Ingredients are ideal, so we can’t use that; the mix is perfect; feedback response is overwhelmingly positive. Darn it, there must be something!  Hey, I got it: bioavailability!  Yes, that’s it; proving bioavailability is a very long-term process, and this is a new food, so therefore we must wait years and years before claiming EVO is a good food.   GIVE – ME – A – BREAK!   Yes, of course we want to be careful and know (best we can, anyway) that the ship we’re about to toss our anchor onto isn’t a leaky one.  But don’t we have plenty of probable proof here?  For starters, Innova isn’t a backyard operation; they’ve been producing healthy foods for years, and there’s no reason we should think they’re being shoddy in the manufacture of EVO.  Others enjoy that status as well, but Innova is on the radar screen for the moment.  And what about the majority of excited feedback responses from some very highly qualified sources?
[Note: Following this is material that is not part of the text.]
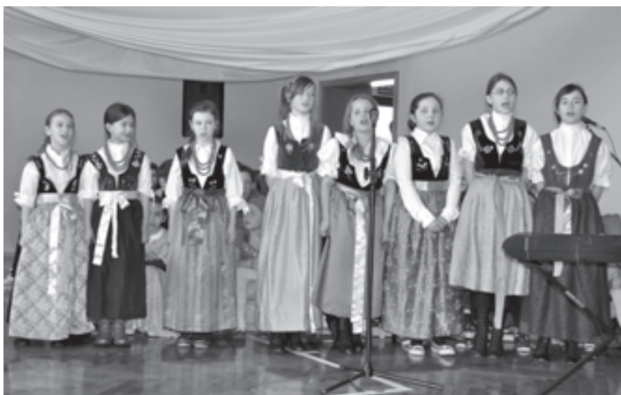
Utalentowane uczennice ZSP Bestwina

Takiej imprezy jeszcze nie było! 26 lutego 2011 r. uczniowie i nauczyciele ze Szkoły Podstawowej im. św. Jana Kantego w Bestwinie wykorzystali wszystkie możliwe środki, aby zorganizować jedyny w swoim rodzaju pokaz pod nazwą „Mam Talent”. Jednak w odróżnieniu od telewizyjnego pierwowzoru nikt z uczestników nie został odrzucony przez jury, każdy mógł zaprezentować gościom swoje umiejętności oraz zainteresowania.

I ask:  What is gained by trying one’s best to subvert something so obviously and unanimously positive?  We’re not dealing with lawyer and judge-speak, where every possible scenario must be considered, just in case.  We’re talking about a good food for our kitties, one with some serious reputation backing it, and that’s what we have.  Again the caution:  There are other good foods available, but Innova is the Example Du Jour.  So if the VET TECH who most prominently bespoke of having “serious doubts about EVO” is reading this, I have a different question for you:  Do you really think a world full of very excited pet-lovers and professionals, who find EVO a delightful new breakthrough, are really gonna pay much attention to your sour attitude?  For myself, you brought a chuckle and a passing thought; “Ahh, one of those..”

Disclaimer: Kathy Fatheree is not at all a medical expert. Contents of this web site are a collection of Kathy’s assist feeding experiences as well as the experiences of other cat owners who have assist fed their cats. While every effort has been made to ensure the accuracy of the information, Kathy Fatheree or anyone associated with this web site cannot be held responsible for anything that may happen as a result of using the information on this site.